5.1.1.4.5. spitfire.time.stepcontrol module

This module contains controllers for adaptive time stepping based on embedded temporal error estimation.

class spitfire.time.stepcontrol.CascadeController(kp=0.06666666667, ki=0.1333333333, ratio_kp=0.1, ratio_ki=0.3, initial_target_error=1e-10, target_ratio=0.01, max_step=0.001, max_ramp=1.1, first_step=1e-06)

Bases: object

A two-level cascade control system on the embedded temporal error estimate and the ratio of two estimates.

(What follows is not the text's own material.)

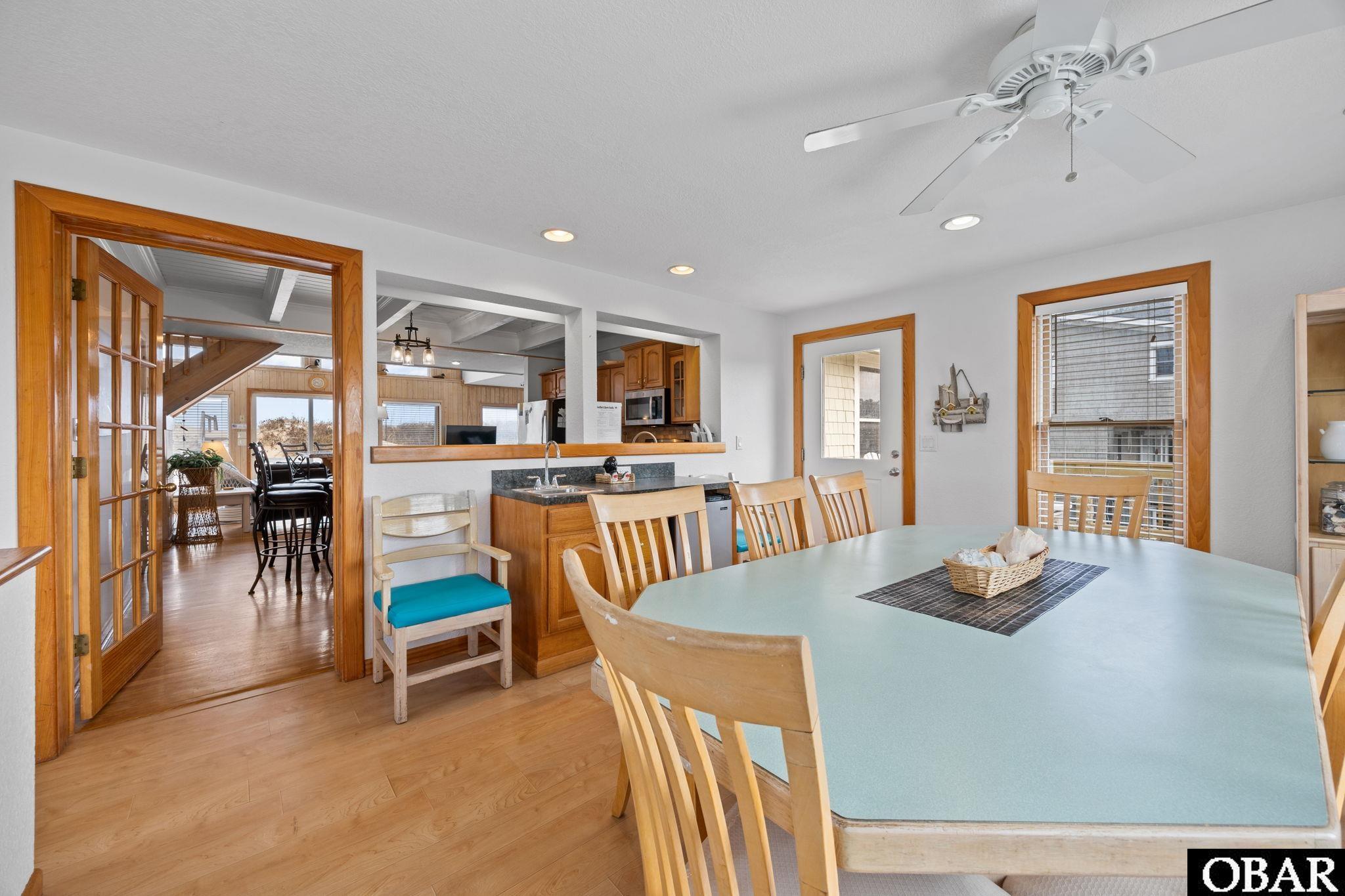 watching dolphins play in the surf. An outdoor shower for post-beach rinses, as well as a convenient downstairs toilet. Plenty of storage areas,
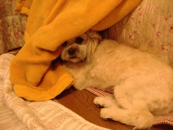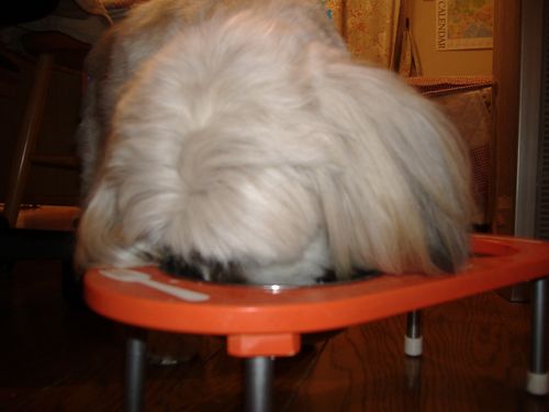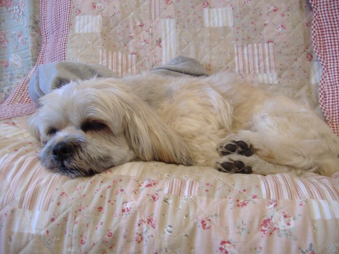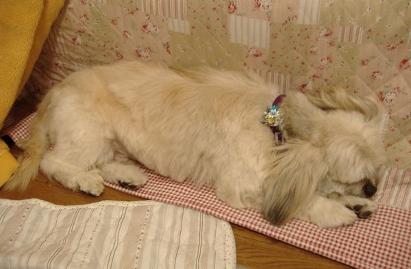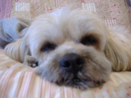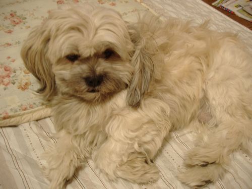 ずいぶんと毛が伸びて、ボサボサのラー。この姿も大好きなんだな~。何だか、いかにも「これぞ、チベットのラサだ~!」って感じで。そんな自分勝手な飼い主を思いっきり噛んでよし、ラー。^^

The stepper method must support multiple embedded error estimates.

Constructor:

Parameters:
kpfloat

the modal gain of the proportional control mode for the error controller (default: 0.06666666667)

kifloat

the modal gain of the integral control mode for the error controller (default: 0.1333333333)

ratio_kpfloat

the modal gain of the proportional control mode for the ratio controller (default: 0.1)

ratio_kifloat

the modal gain of the integral control mode for the ratio controller (default: 0.3)

target_ratiofloat

the value of the target ratio for the controller (default: 1.e-2)

initial_target_errorfloat

the initial value of the target error for the controller (default: 1.e-10)

max_stepfloat

the maximum allowable time step (default: 1.e-3)

max_rampfloat

the maximum allowable rate of increase of the time step (default: 1.1)

first_stepfloat

the initial step size (default: 1.e-6)

first_step_size()

Obtain the initial step size

last_step_size()

Obtain the most recent step size

step_size_is_constant()

Whether or not this controller has a constant or variable step size

target_error()

Obtain the most target error, needed here just to avoid a base class

class spitfire.time.stepcontrol.ConstantTimeStep(step_size)

Bases: object

A simple wrapper class for a constant time step.

Constructor:

Parameters:
step_sizefloat

the size of the time step

first_step_size()

Obtain the initial step size

last_step_size()

Obtain the most recent step size

step_size_is_constant()

Whether or not this controller has a constant or variable step size

target_error()

Obtain the most target error, needed here just to avoid a base class

class spitfire.time.stepcontrol.PIController(kp=0.06666666667, ki=0.1333333333, target_error=0.0001, max_step=10000.0, max_ramp=1.1, first_step=0.001)

Bases: object

A PI controller on the embedded temporal error estimate

Constructor:

Parameters:
kpfloat

the modal gain of the proportional control mode (default: 0.06666666667)

kifloat

the modal gain of the integral control mode (default: 0.1333333333)

target_errorfloat

the target error for the controller (default: 1.e-10)

max_stepfloat

the maximum allowable time step (default: 1.e-3)

max_rampfloat

the maximum allowable rate of increase of the time step (default: 1.1)

first_stepfloat

the initial step size (default: 1.e-6)

first_step_size()

Obtain the initial step size

last_step_size()

Obtain the most recent step size

step_size_is_constant()

Whether or not this controller has a constant or variable step size

target_error()

Obtain the most target error, needed here just to avoid a base class

class spitfire.time.stepcontrol.RatioController(kp=0.1, ki=0.3, target_ratio=0.01, max_step=0.001, max_ramp=1.1, first_step=1e-06)

Bases: object

A PI controller on the ratio of two embedded temporal error estimates

The stepper method must support multiple embedded error estimates.

Constructor:

Parameters:
kpfloat

the modal gain of the proportional control mode (default: 0.1)

kifloat

the modal gain of the integral control mode (default: 0.3)

target_ratiofloat

the target error ratio for the controller (default: 1.e-2)

max_stepfloat

the maximum allowable time step (default: 1.e-3)

max_rampfloat

the maximum allowable rate of increase of the time step (default: 1.1)

first_stepfloat

the initial step size (default: 1.e-6)

first_step_size()

Obtain the initial step size

last_step_size()

Obtain the most recent step size

step_size_is_constant()

Whether or not this controller has a constant or variable step size

target_error()

Obtain the most target error, needed here just to avoid a base class

5.1.1.4.6. Module contents

This module contains Spitfire’s core time integration methods.